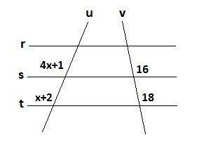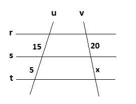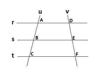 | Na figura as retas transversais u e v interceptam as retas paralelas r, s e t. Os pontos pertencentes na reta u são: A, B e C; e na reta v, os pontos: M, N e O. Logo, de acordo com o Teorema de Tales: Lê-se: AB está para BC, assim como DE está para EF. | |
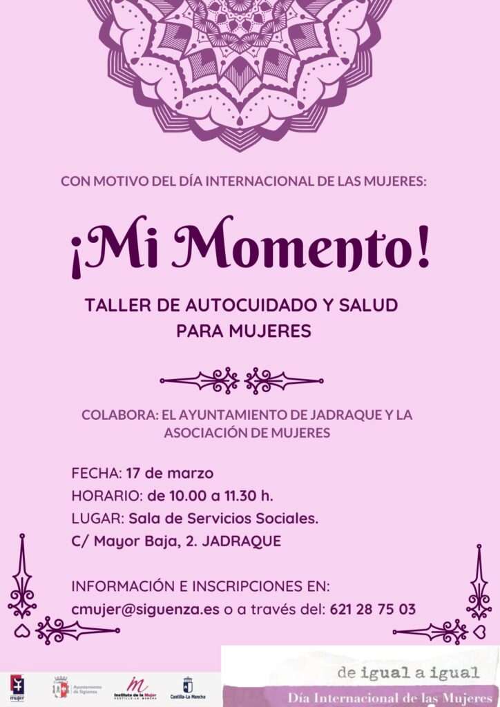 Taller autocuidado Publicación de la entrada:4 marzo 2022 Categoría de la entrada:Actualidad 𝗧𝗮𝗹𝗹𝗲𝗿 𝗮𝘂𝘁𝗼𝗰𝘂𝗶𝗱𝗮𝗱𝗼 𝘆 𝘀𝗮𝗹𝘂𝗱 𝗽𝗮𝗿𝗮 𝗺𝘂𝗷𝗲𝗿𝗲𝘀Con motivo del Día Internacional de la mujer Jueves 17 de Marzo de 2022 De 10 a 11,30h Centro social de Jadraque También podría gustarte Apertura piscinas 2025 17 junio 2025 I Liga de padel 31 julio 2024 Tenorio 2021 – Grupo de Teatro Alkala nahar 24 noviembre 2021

============

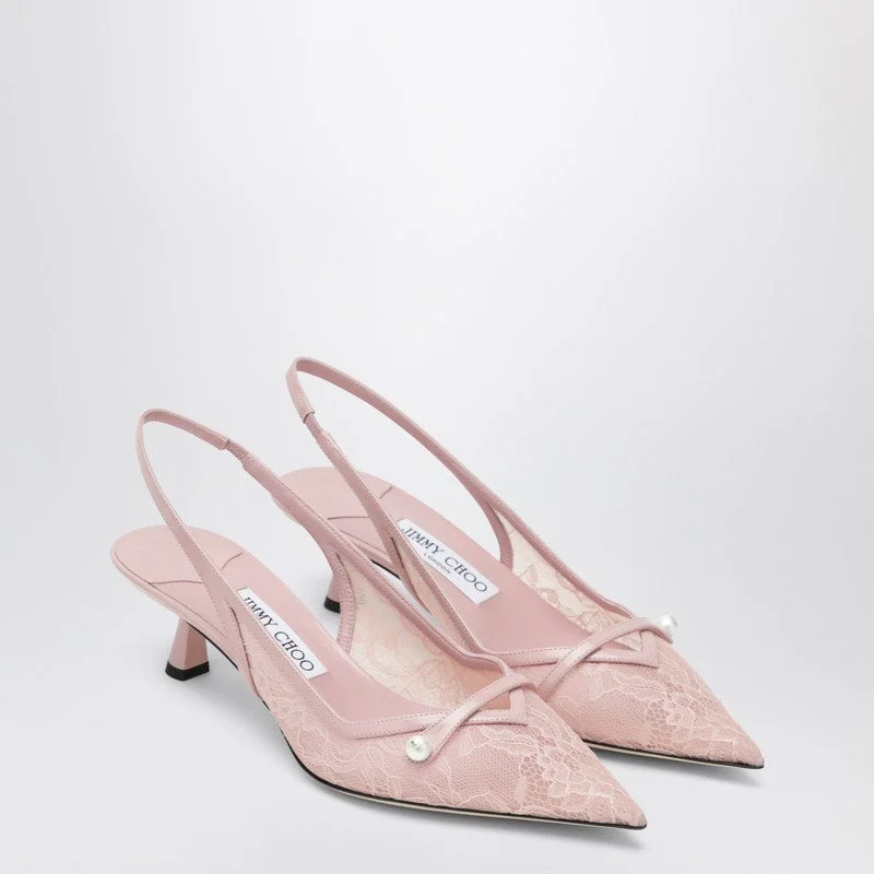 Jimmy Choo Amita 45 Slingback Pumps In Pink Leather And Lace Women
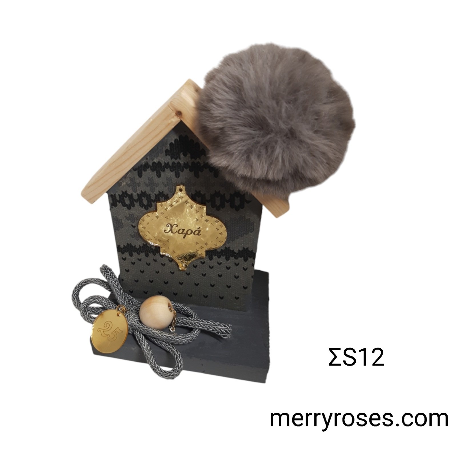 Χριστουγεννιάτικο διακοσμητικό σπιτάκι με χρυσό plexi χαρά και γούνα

============

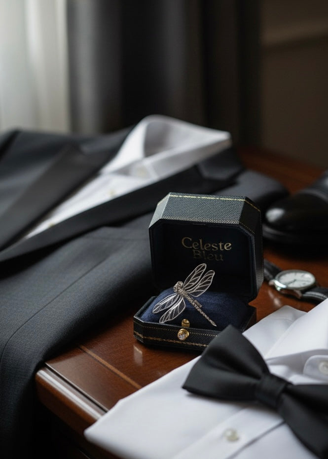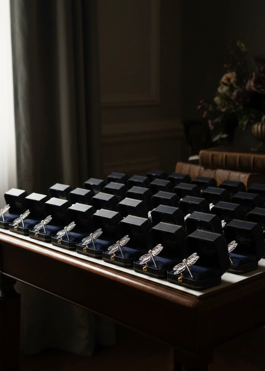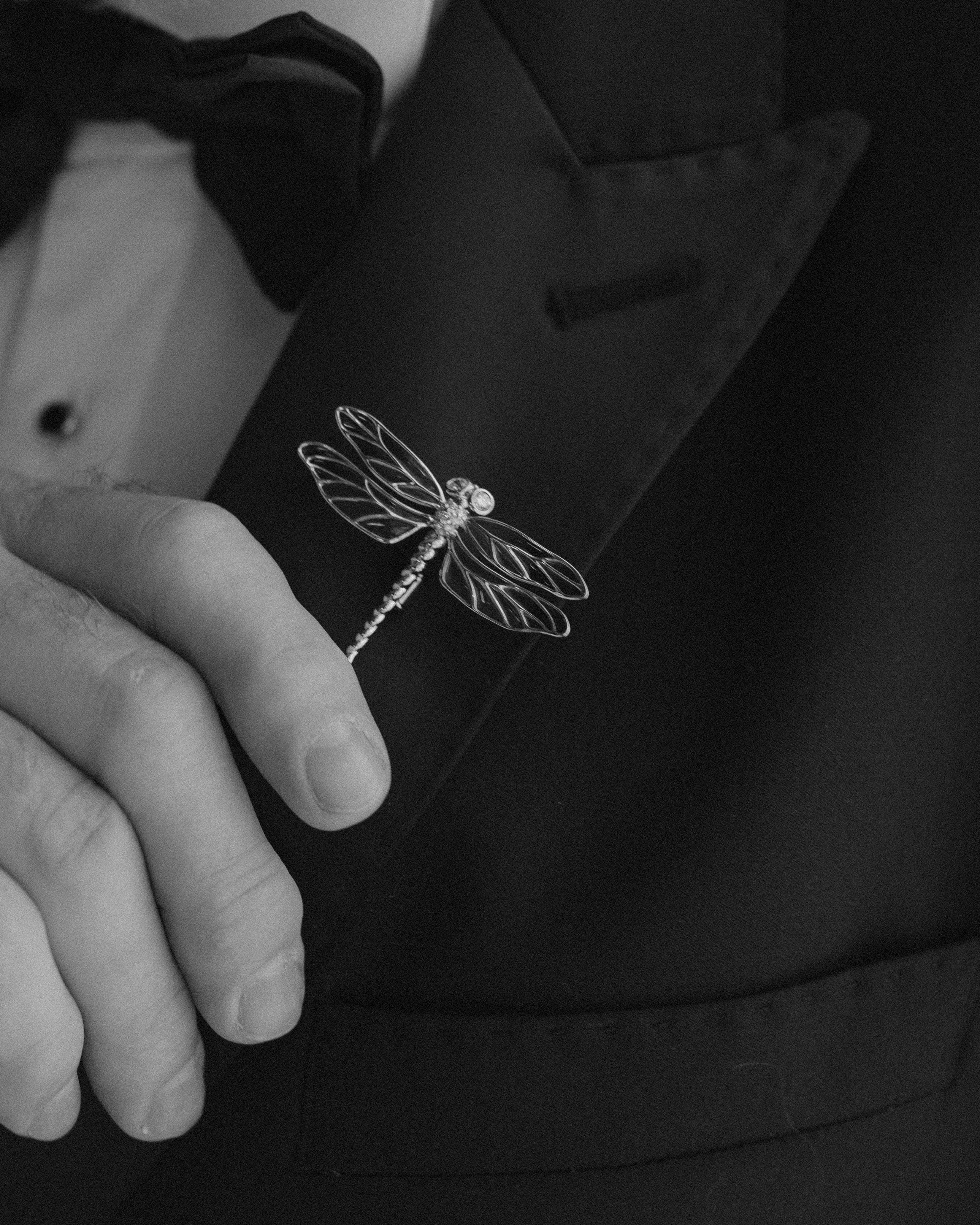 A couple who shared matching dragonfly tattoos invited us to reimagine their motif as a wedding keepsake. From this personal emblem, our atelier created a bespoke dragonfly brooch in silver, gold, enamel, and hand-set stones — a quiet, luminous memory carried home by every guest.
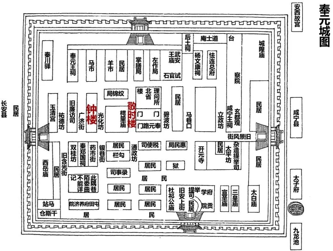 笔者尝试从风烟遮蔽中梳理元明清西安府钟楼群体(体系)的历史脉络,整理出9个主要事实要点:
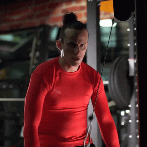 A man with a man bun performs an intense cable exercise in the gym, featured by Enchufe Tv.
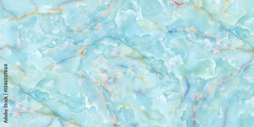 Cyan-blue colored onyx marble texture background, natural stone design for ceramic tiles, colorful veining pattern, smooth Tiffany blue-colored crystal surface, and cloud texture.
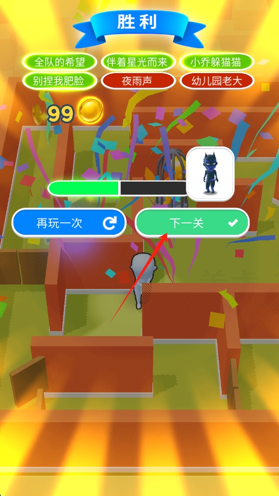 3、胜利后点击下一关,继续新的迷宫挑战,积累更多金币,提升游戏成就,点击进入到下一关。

============

What this task involves — In the data above, find the line with "Jimmy Choo Amita" and the line with "Χριστουγεννιάτικο διακοσμητικό σπιτάκι". Please copy exactly those two lines and every line between them, but not the pictures.

Response below —
 Jimmy Choo Amita 45 Slingback Pumps In Pink Leather And Lace Women
 Χριστουγεννιάτικο διακοσμητικό σπιτάκι με χρυσό plexi χαρά και γούνα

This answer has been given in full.